This process binds the TCP and UDP connections together, allowing the server to recognize them as a single client.

If this authentication fails, the client cannot send or receive any UDP packets. The client will retry sending the CAuthentificationPacket up to 10 times. The client only knows if it has been successfully authenticated when it receives an AuthentifiedPacket from the server on the TCP end.

PollManager

The PollManager is RéseauType’s component that handles socket polling and connection management. It is used by both the server and the client to manage all active connections and poll for network events.

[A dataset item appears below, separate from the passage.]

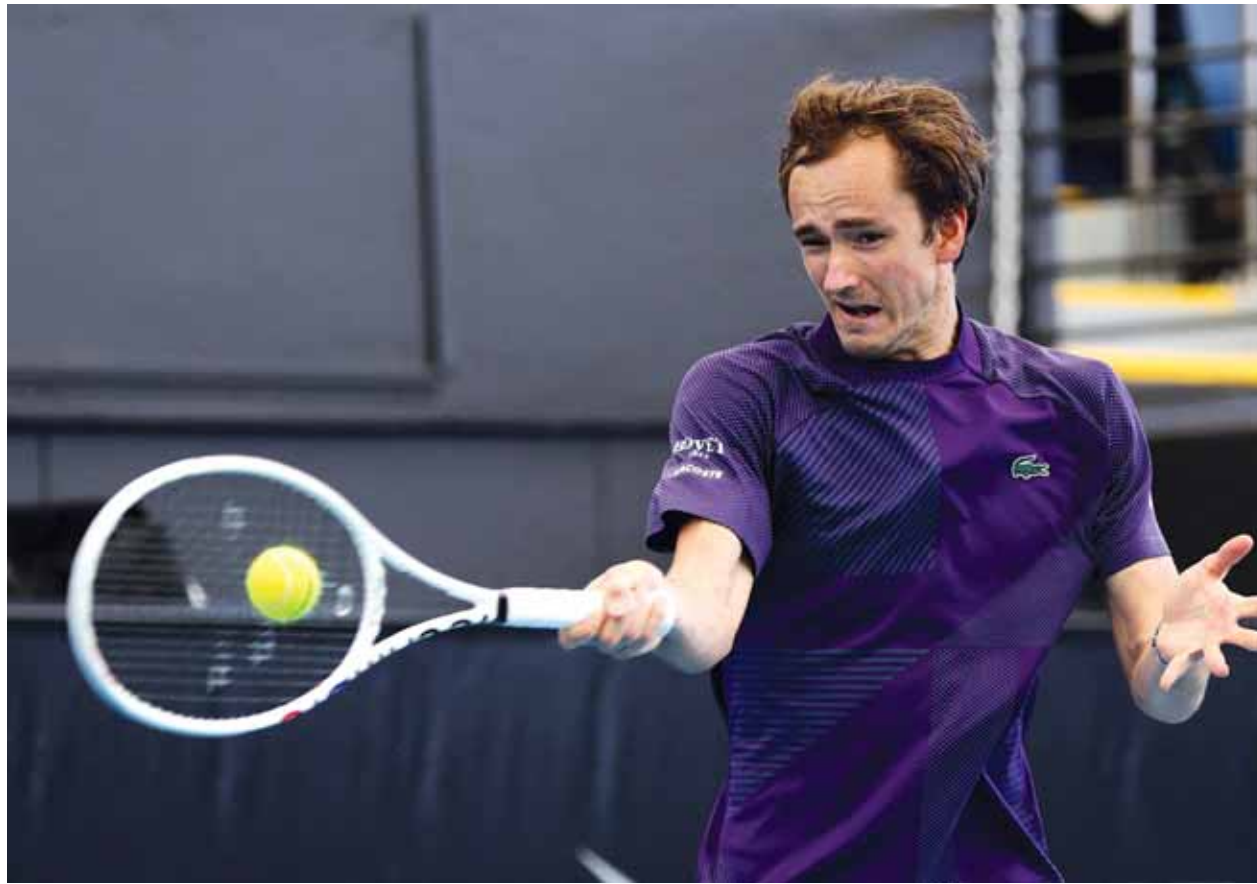
Russia's Daniil Medvedev in action during his second round match against Serbia's Miomir Kecmanovic at Memorial Drive Tennis Club in Adelaide yesterday.

She will meet Marketa Vondrousova for a place in the last four after the Czech player's dominant 6-0, 6-4 dismissal of Estonian Kaia Kanepi.

Overexplaining this component is not useful, as it is made to never be edited.

PollManager’s methods

addPollable()

Adds a new pollable connection to the manager.

removePollable()

Removes a pollable connection by its file descriptor. Closes the socket and returns the removed pollable.

removePollables()

Removes multiple pollable connections at once. Returns a vector of the removed pollables.

updateFlags()

Updates the polling flags for a specific file descriptor.

getConnectionCount()

Returns the total number of active connections. (This sadly includes more than the number of connected clients to the server and needs to be changed).

getPool()

Returns all active the active pollable connections.

getPollableByAddress()

Returns a pollable connection by its network address. Returns nullptr if not found.

pollSockets()

Polls all registered sockets for events. Takes an optional timeout in milliseconds. Returns a vector of pollables that disconnected during the poll.

wakeUp()

Wakes up the poll if it is currently blocking (useful for multi-threading purposes).

clear()

Removes all pollables and closes all sockets. Called when shutting down either the server or client.

Packet Executors

Packet Executors allow you to run specific code when receiving a particular packet type. They are event handlers that get triggered automatically when a packet is received by the server or client.

In order to explain them properly, we will take as an example the following case: We want to print on the console "meow !!! :3 >\\< {uwu}" if ExamplePacket was being sent {uwu} being the uwu value of the ExamplePacket which can be retrieved using a int getUwU() const; method.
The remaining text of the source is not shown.